The landslide spreads on forested medium slopes. Prevailing inclination is up to 30%, but locally, in the main landslide body, steep slopes (31–70%) and scarps appear. It consists of two main parts. The upper part was rotationally drifted and the extruded soil substrate and rocks blocked the water run-off from the slope. A shallow sink hole occurred here, and surface run-off was transformed to the groundwater. The highest positions of this part are at altitudes of 470 m asl. The lower part of the landslide has an altitude ranging from 409 to 465 m asl. West-east oriented gullies divide this lower part into several segments. The deepest gully is in the northern part and it reaches depths between 5–10 m. Other shallower gullies branch out mainly to the south.

3. Materials and Methods

The following assumptions supported the proposed procedure of the landslide geomorphological feature identification through different large scales in DEMs-derivatives:
  • Landslides are traditionally delineated by the visual interpretation of aerial photographs and field surveys [30]. However, this survey brings a lot of subjectivity and it is time-consuming and expensive in terms of data and workload [31]. Small landslide features can be extracted from the surface models created from the airborne LiDAR data [4].
  • Terrain topography is assumed to be a useful indicator of a slope movement. The characterization of terrain topography is essential to detect landforms changes caused by a landslide activity. One way to distinguish different landforms is to describe the surface roughness of areas.
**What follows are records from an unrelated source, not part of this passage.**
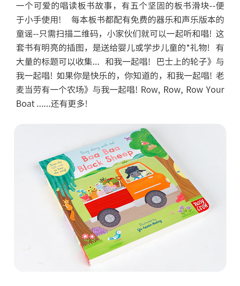Each board book comes with a free instrumental and vocal version of the nursery rhyme – simply scan the QR code for little ones to listen and sing along!
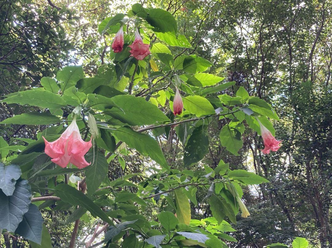 2025/10/15撮影。掘出稲荷神社(福岡縣護國神社境内末社)辺りにキダチチョウセンアサガオ(エンジェルストランペット)が大きなピンクの花を付けています。
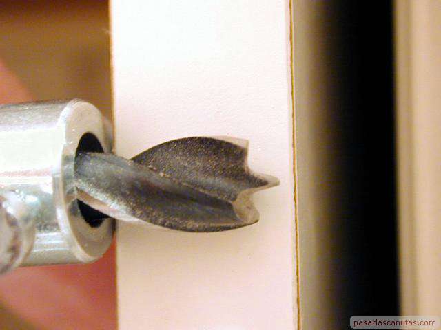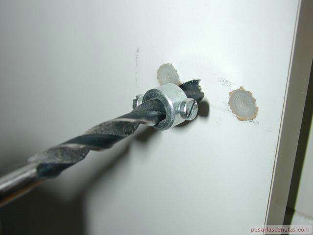 ... hasta el fondo (picando la foto se puede ver que parte del material ha quedado fuera, por lo ajustado del agujero) ...
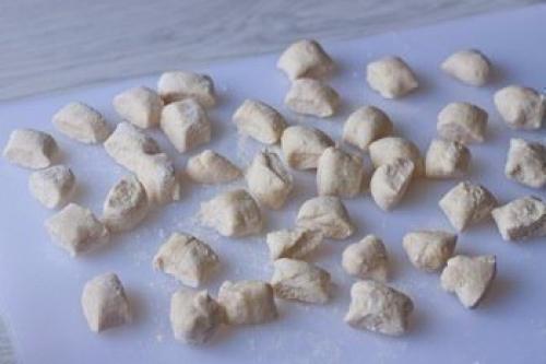 2. делим шар на 4 части и на присыпанном мукой столе формируем из них колбаски.
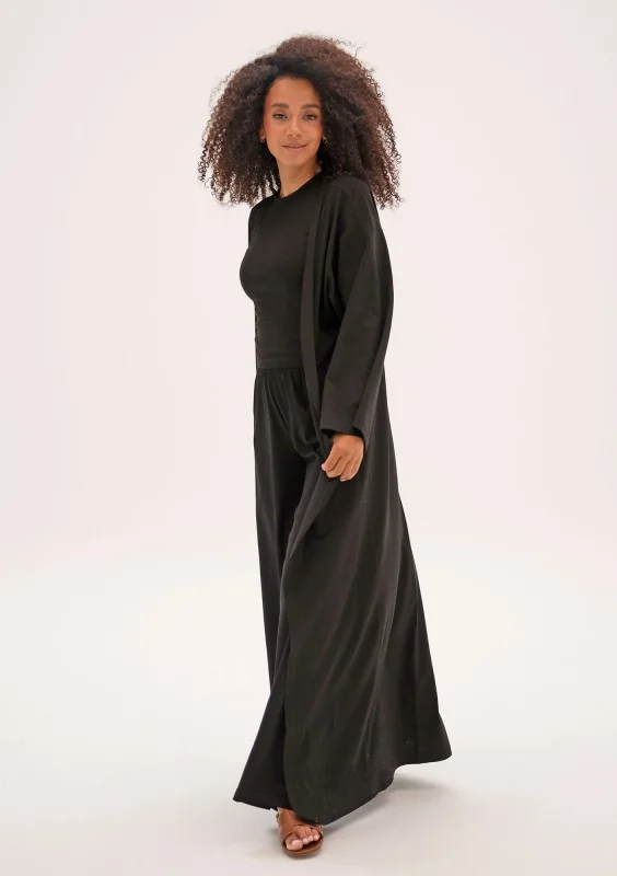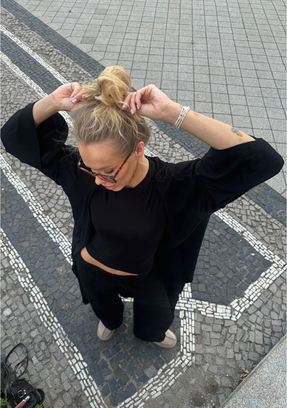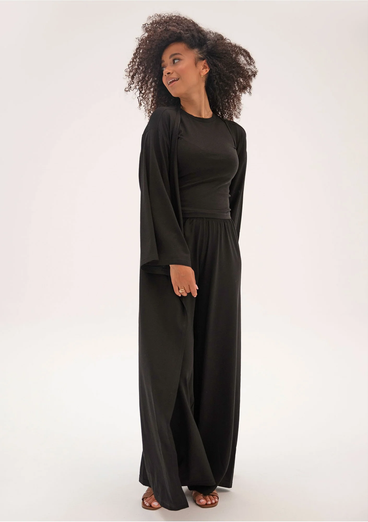 Dzięki lekkiej wiskozie, czarne kimono maxi idealnie nadaje się na ciepłe dni, zapewniając uczucie chłodu i doskonałą wentylację. Długa narzutka to także świetne rozwiązanie na wieczorne ochłodzenia, pozwalając cieszyć się letnimi zachodami słońca w poczuciu pełnej swobody i lekkości. Zbuduj elegancki look ze wszystkich trzech fasonów Lumiere: kimona, topu i zwiewnych spodni, który idealnie sprawdzi się na wakacjach.
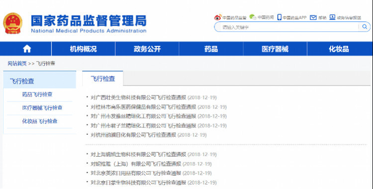 国家药监局一日连发9道飞行检查通报,9家化妆品企业因违反相关规定被处理,其中广州市君子兰精细化工有限公司、广西壮美生物科技有限公司两家企业被责令暂停生产,北京日蒙生物科技有限公司等7家企业被责令限期整改。
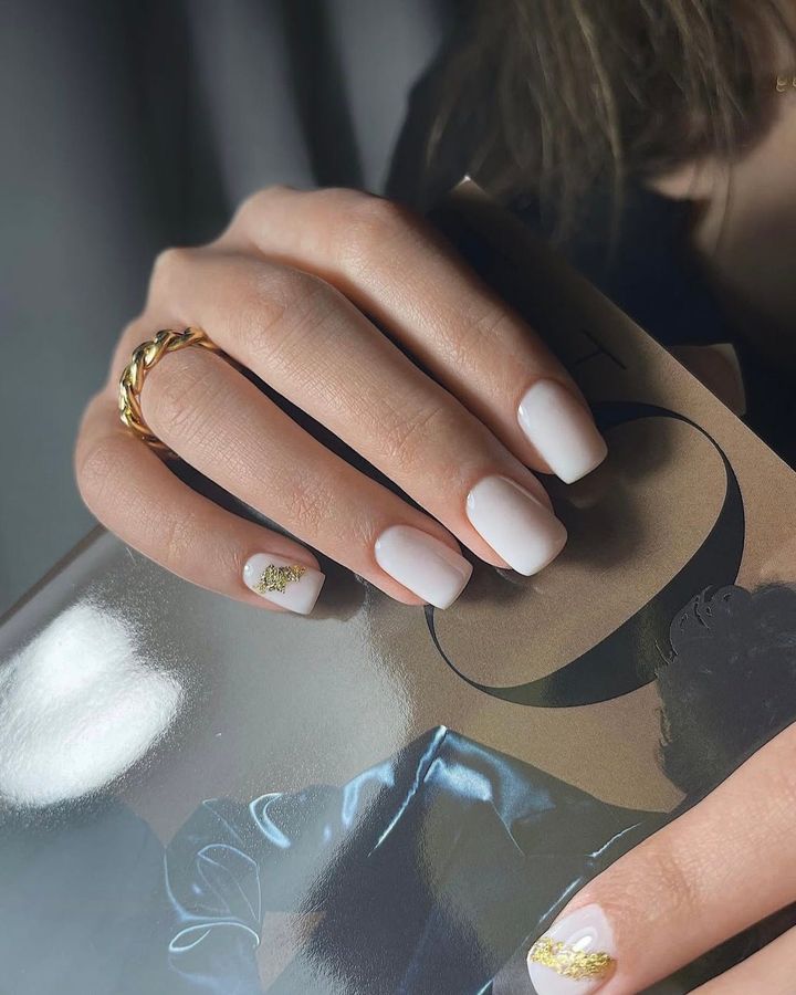 ショートネイルのホワイトオンブレは、さらにピュアな雰囲気に。
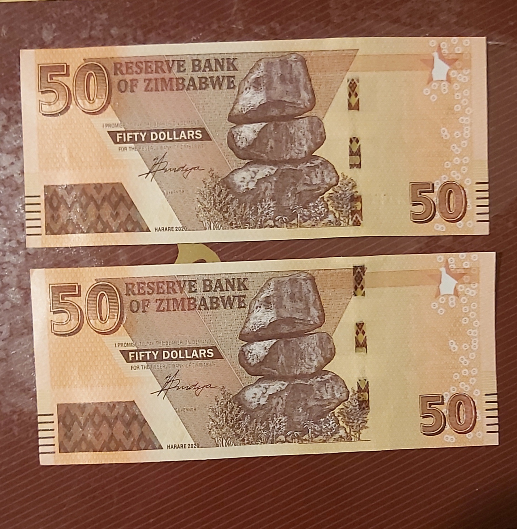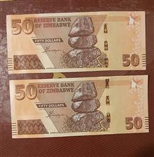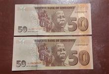 اسکناس 50 دلار زیمباوه 2020 بانکی بصورت شماره جفت
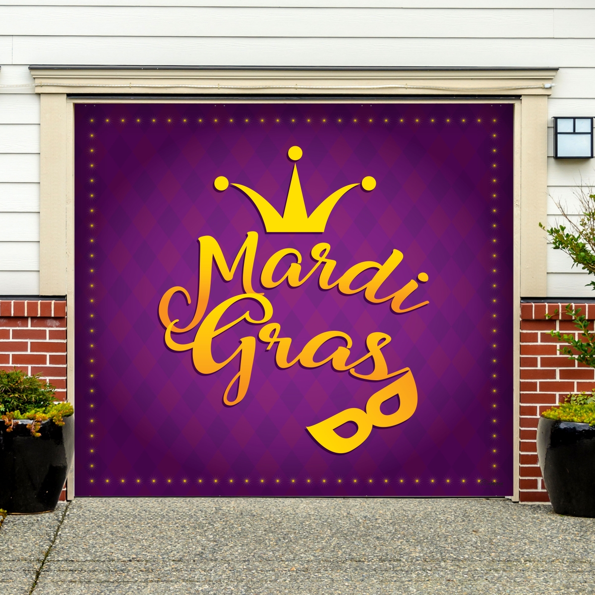 My Door Decor 285903MRDG-006 7 x 8 ft. Crown & Mask Mardi Gras Door Mural Sign Car Garage Banner Decor, Multi Color
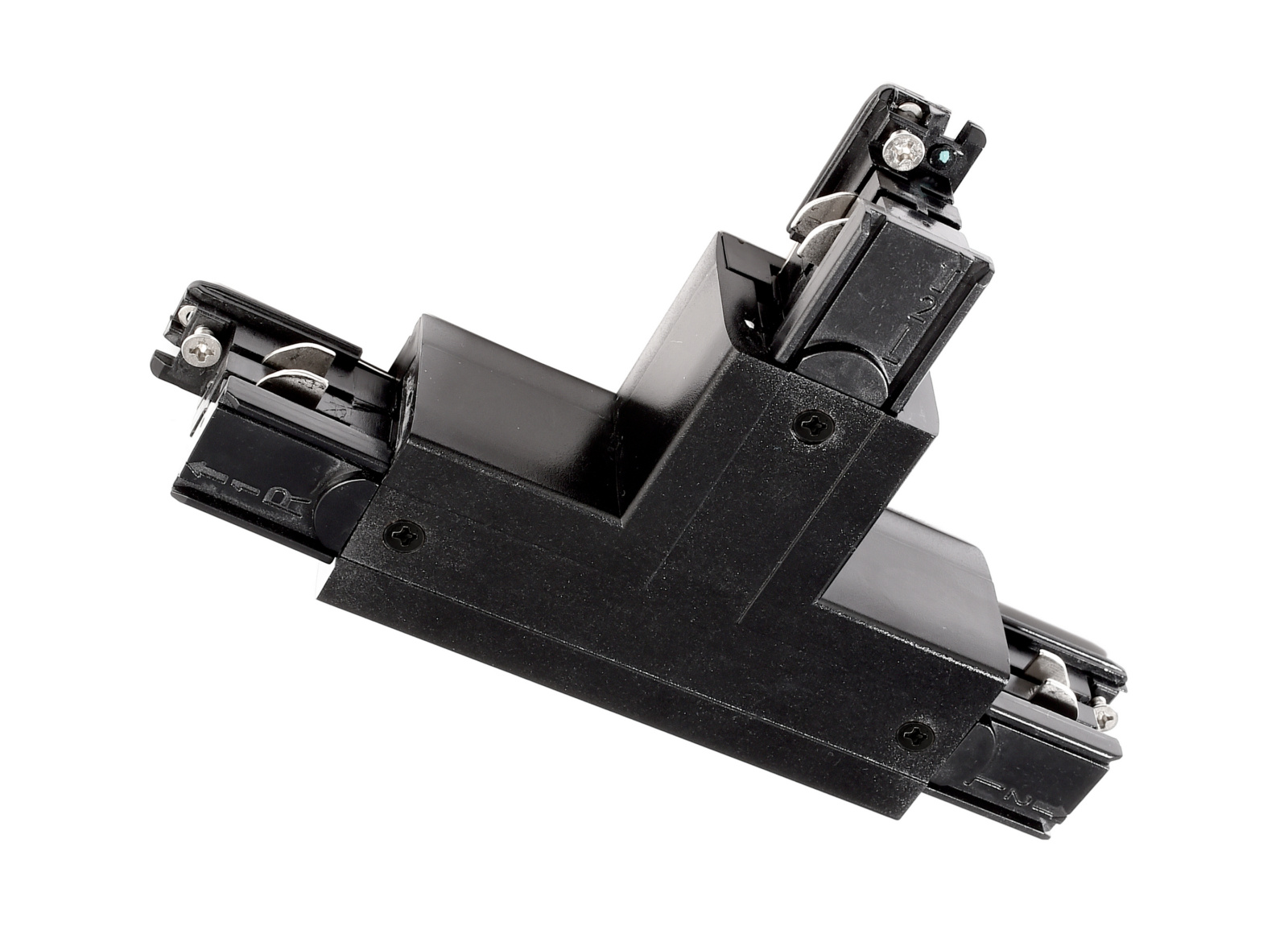 Fast identisch wie beim Eckverbinder lässt sich auch beim T-Verbinder durch Abnehmen der Abdeckung die Richtung [links/rechts] ändern. Konstruktionsbedingt gibt es jedoch zwei T-Verbinder in jeder Farbvariante, da es je nach Aus-richtung sein kann, dass entweder links/links/rechts oder rechts/rechts/links benötigt wird. Aber auch bei diesem Artikel konnten die Varianten um die Hälfte reduziert werden. Das bedeutet auch hier: deutlich vereinfachte Planung und Montage.
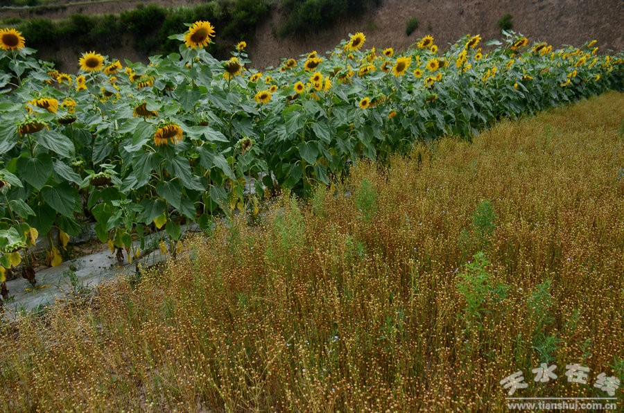 一場大雨過后的張家川鎮(zhèn)上川村顯得格外與眾不同,除了鄉(xiāng)村特有的安寧靜逸,位于縣城郊區(qū)的上川村別有一番景色。溝壑縱橫的田邊,“朵朵向日葵伸長著腦袋向太陽公公行著注目禮!
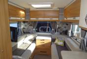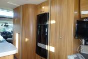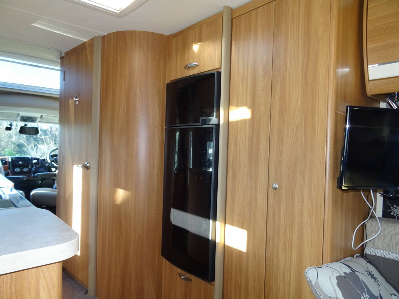 Moving to the rear you have the very comfortable rear lounge layout offering the option for a large double or 2 good sized singles with wall mounted television and storage space under the seats, this makes a great space for dining and a comfortable area to relax in. Moving round you have a large wardrobe. Moving on is the impressive washroom featuring a separate fully lined shower enclosure, hand basin with large mirror and electric flush Thetford toilet.
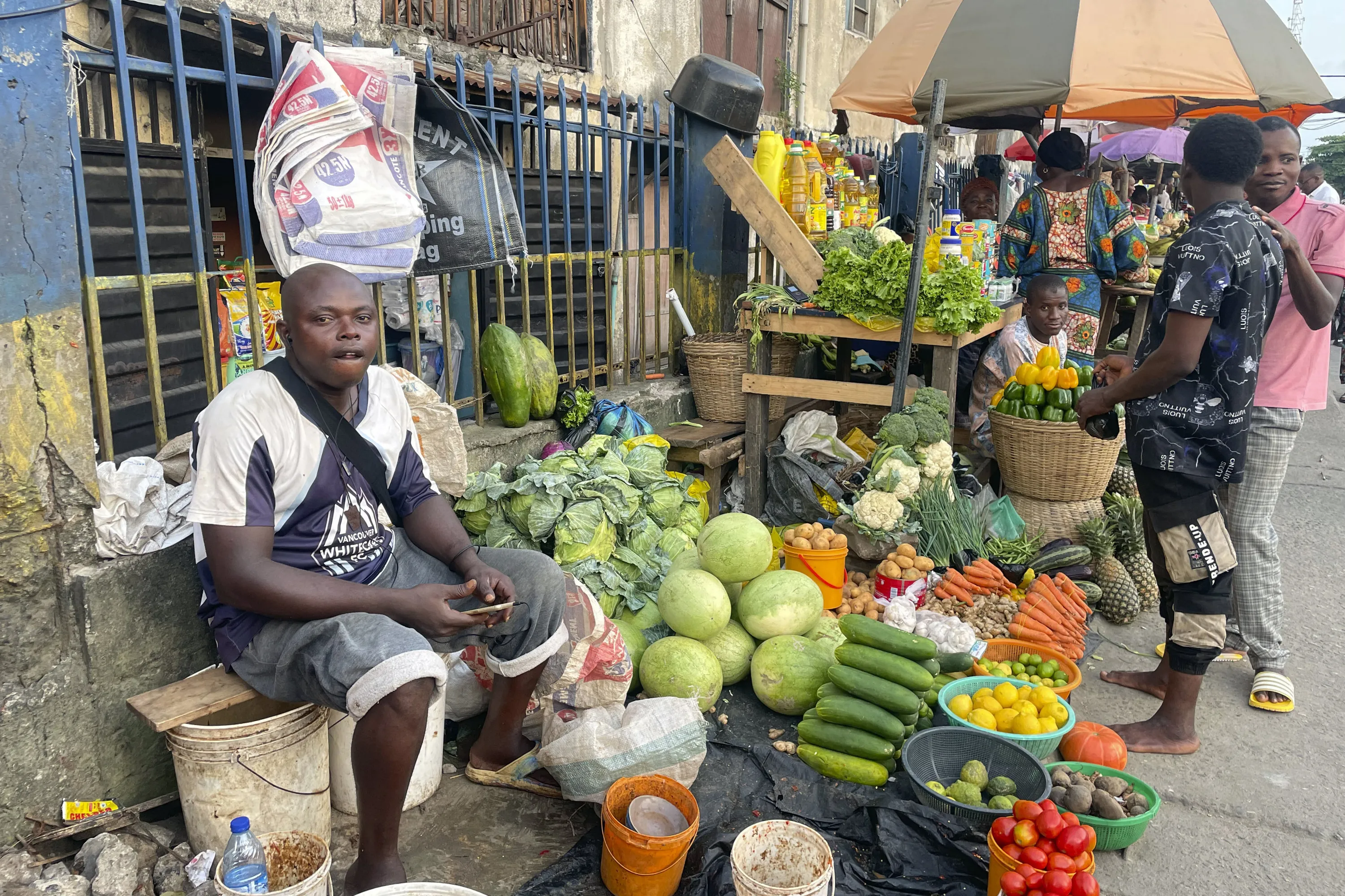 A man sells fruits at a market in Lagos, Nigeria Wednesday , November 29, 2023. Nigeria's leader on Wednesday presented a $34 billion spending plan for 2024 to federal lawmakers with a key focus on stabilizing Africa's largest but ailing economy and fighting the nation's deadly security crisis. (Photo by Sunday Alamba/AP Photo)
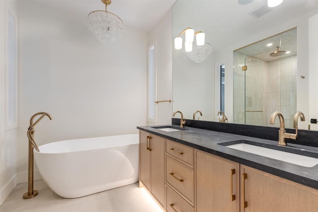 Upstairs, the primary ensuite offers a beautifully finished tub area and oversized shower, while laundry equipment is conveniently included. The fully finished basement provides additional living space and offers flexibility, with the option to convert into a suite if desired.
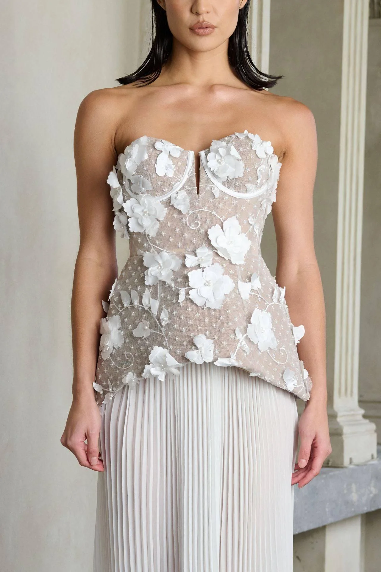 Turn heads in the Fiorella Gown, a timeless embodiment of elegance and glamour. Crafted from bespoke beaded tulle with 3D floral embellishments, the dress features a strapless neckline and contrasting boning channels beneath the layers to create structure and refinement. The Fiorella Gown gracefully cascades into a pleated chiffon skirt that is complemented by its curved bodice hemline. Complete with sculptured cups and an invisible zipper and decorative buttons at the centre back, the Fiorella Gown is designed to be the perfect dress that exudes modern charm for your special bridal events.
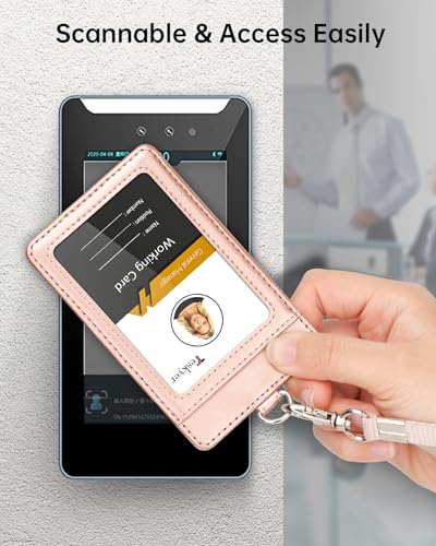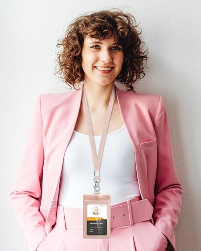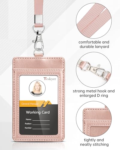 Teskyer Lanyards for ID Badges, Leather ID Badge Holder for Work School IDs, Cruise Ship Cards, Hotel Key Cards, Pass Cards – Rose Gold
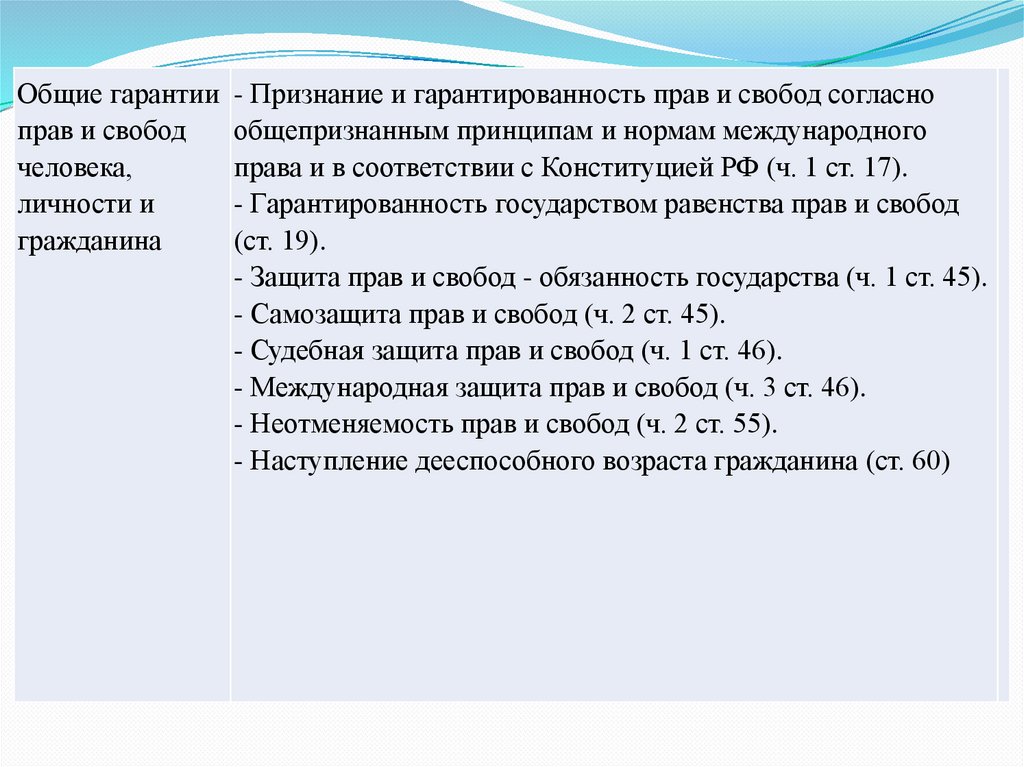 Общие гарантии - Признание и гарантированность прав и свобод согласноправ и свобод

This parameter refers to the variability in elevation within a defined radius, and therefore it is very sensitive to the selected scale [32]. The surface roughness is considered to be an important indicator to measure the target topographic features of landslides [4]. Surface roughness is one of the best indicators to differentiate between stable and active landslide areas [33]. However, calculation of the maximum curvature (kmax) can be a more sensitive and efficient method to recognize, extract, and delineate particular discrete landslide features that indicate their activity from high-resolution DEMs with sub-meter cell accuracy.
  • Upper units can undergo fracturing and extension with subsequent disintegration, subsidence, and various type of movements [34]. These processes result in the formation of tension cracks, fractures, scarps, or tear-off landforms at the tops (heads) of landslide slopes. Those terrain features are commonly good indicators of failure initiation [35]. Therefore, the methodology proposed in the article aims to interpret and highlight these topographic structures.
  • The use of detailed 3D information terrain surfaces allow the investigation of slope failures at different spatial and temporal scales, including the mapping of geomorphologic features and shape recognition that can also be used to track objects or slope failures [5]. There exists large diversity of variables that can be derived from DEMs, and, from this aspect, they remain underexploited [36].
Data processing can be performed by open source or commercial software at reasonable costs [20]. Open source GIS alternatives (we used SAGA GIS, Quantum GIS and GRASS) provide many algorithms to process a variety of secondary terrain attributes and detailed elevation models-derived (DEM) variables. In any case, DEM-derived variables are scale-dependent and extent of their usability corresponds with a GIS expert’s knowledge and experiences [36]. Hierarchical multiscale geomorphometric analysis of landslide units and selected landslide features drawn from the various data sources allows recognition and classification of multiscale landslide components [4]. Geomorphological features of the studied landslide were examined at several large scales ranging from 1:1320 to 1:100.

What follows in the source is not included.